The British, as I have frequently written, are exceptional in this regard. They have behaved with a stoical, humorous, communal spirit that is unsurprising. But – without the humour and with rather more heavy-handed enforcement – so many other countries have accepted the same basic assumption: that it is the responsibility of the majority to protect a minority who are in particular danger. This principle is now apparently embedded in the modern social conscience to such an extent that it is scarcely being remarked upon. Before the moment passes, we should give it a thought, if only because it runs contrary to so much of the conventional wisdom.
THE IDEA that contemporary society, particularly in the free market economies, is addicted to selfish materialism – that it has lost the community solidarity that previous generations took for granted, that the egotism of the individual now rules over all other considerations – has dominated the popular imagination for at least 40 years.

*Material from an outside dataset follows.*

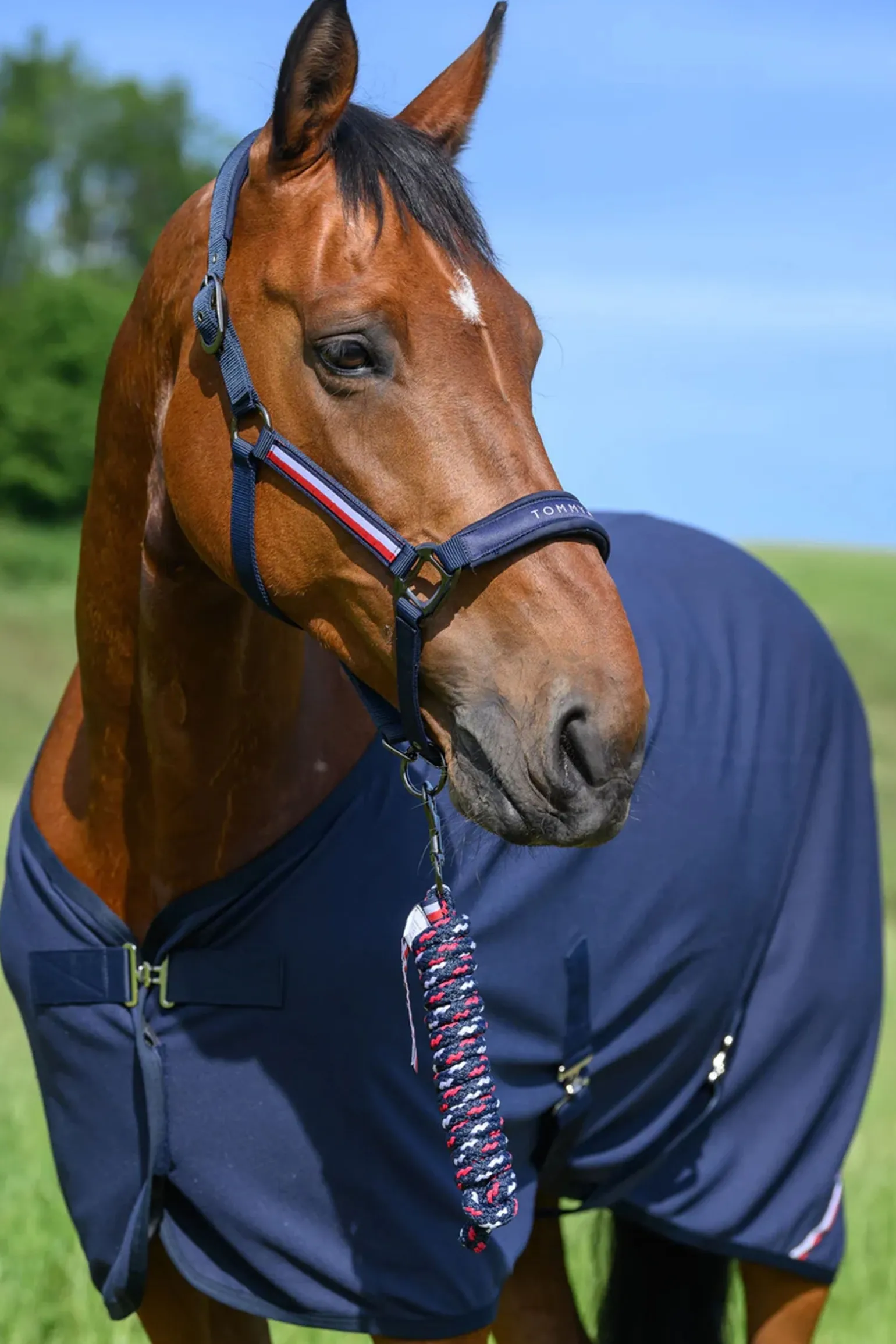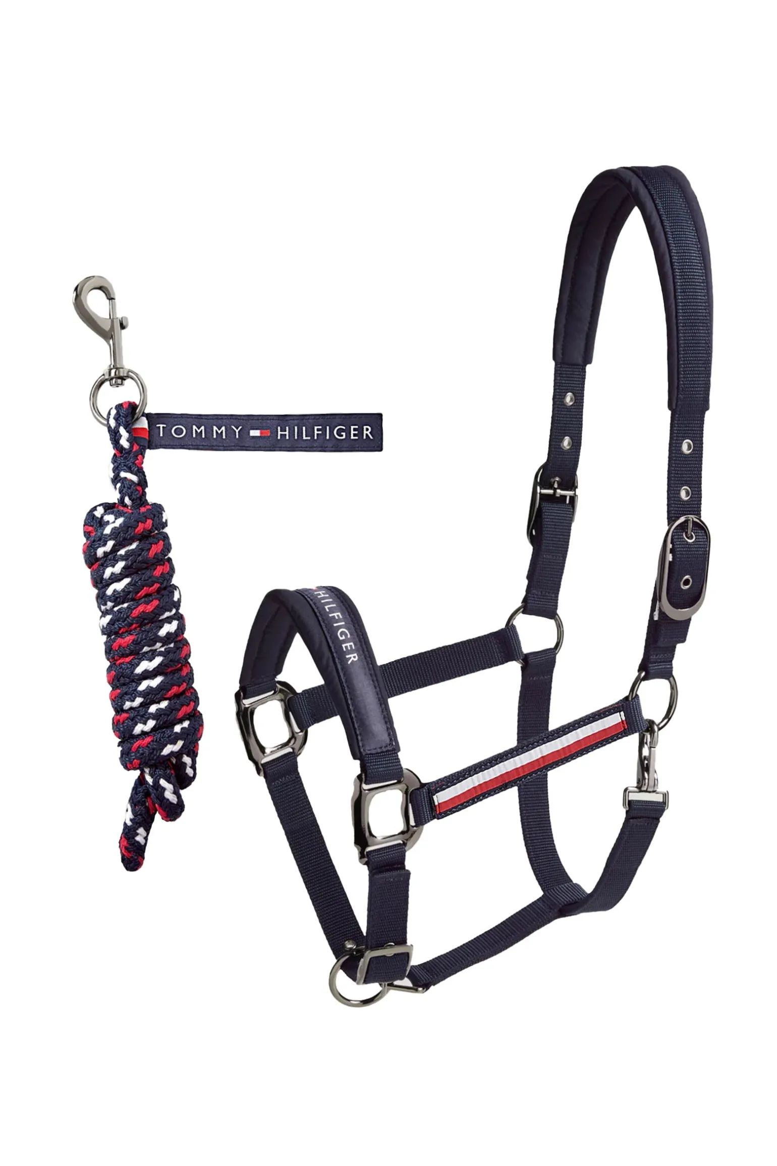 Dies ist ein Set, das den dreifarbigen Führstrick von Tommy Hilfiger und das klassische Halfter mit dem Tommy Hilfiger-Logo und dem Global Stripe-Branding kombiniert.

This interpretation may have been rooted in a Left wing world view but it is tacitly accepted even on the Centre Right. Never mind that contributions to charities and participation in voluntary work have never been higher, which should have given an important clue to the weakness of the analysis.
Now we have a substantive disproof of this calumny. In overwhelming numbers, ordinary people, most of whom must know that they are extremely unlikely to be at personal risk of dying from coronavirus, are willing to relinquish many of their personal freedoms and comforts in the altruistic hope of saving the lives of others. That is quite something.
So where does it come from? Could it be that the prosperity and material comfort of modern life in the advanced economies has actually produced not selfishness, but the opposite? That because security and confident optimism have largely replaced desperation and a constant struggle for survival, the population as a whole can be more generous and forbearing?"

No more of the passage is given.